**RECORDS PROVIDED:**
· · ·

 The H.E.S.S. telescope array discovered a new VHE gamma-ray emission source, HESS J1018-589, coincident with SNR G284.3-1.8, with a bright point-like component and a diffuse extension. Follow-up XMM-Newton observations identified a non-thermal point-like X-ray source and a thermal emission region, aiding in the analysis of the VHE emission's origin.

· · ·

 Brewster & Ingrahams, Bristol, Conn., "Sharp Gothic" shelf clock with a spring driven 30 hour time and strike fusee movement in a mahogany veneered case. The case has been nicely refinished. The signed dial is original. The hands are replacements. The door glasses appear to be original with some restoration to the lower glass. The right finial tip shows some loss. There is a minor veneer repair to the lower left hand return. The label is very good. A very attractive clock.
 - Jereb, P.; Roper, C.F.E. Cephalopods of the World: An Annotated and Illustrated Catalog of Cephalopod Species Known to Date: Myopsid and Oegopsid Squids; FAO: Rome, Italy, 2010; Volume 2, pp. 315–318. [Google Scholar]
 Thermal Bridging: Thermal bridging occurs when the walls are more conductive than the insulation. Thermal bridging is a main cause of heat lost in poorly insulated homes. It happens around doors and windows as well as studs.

· · ·

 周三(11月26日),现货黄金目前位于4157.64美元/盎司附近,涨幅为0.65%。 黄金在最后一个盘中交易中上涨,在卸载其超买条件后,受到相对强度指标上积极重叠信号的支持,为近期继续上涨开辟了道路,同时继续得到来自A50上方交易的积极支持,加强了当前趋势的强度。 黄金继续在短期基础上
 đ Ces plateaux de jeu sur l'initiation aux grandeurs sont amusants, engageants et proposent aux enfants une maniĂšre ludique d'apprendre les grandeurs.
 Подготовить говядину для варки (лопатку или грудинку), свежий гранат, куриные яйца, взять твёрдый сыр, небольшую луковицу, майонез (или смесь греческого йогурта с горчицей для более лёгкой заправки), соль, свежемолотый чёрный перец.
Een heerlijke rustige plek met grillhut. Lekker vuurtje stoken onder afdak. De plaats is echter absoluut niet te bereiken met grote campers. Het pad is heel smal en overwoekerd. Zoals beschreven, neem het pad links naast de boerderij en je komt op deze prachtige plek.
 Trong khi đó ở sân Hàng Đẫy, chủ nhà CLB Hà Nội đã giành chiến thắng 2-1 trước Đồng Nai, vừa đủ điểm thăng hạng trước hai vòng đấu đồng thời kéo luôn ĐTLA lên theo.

· · ·

**TASK BRIEF:**
Out of the entries, report each line that contains the word "with".

**TASK SOLUTION:**
 The H.E.S.S. telescope array discovered a new VHE gamma-ray emission source, HESS J1018-589, coincident with SNR G284.3-1.8, with a bright point-like component and a diffuse extension. Follow-up XMM-Newton observations identified a non-thermal point-like X-ray source and a thermal emission region, aiding in the analysis of the VHE emission's origin.
 Brewster & Ingrahams, Bristol, Conn., "Sharp Gothic" shelf clock with a spring driven 30 hour time and strike fusee movement in a mahogany veneered case. The case has been nicely refinished. The signed dial is original. The hands are replacements. The door glasses appear to be original with some restoration to the lower glass. The right finial tip shows some loss. There is a minor veneer repair to the lower left hand return. The label is very good. A very attractive clock.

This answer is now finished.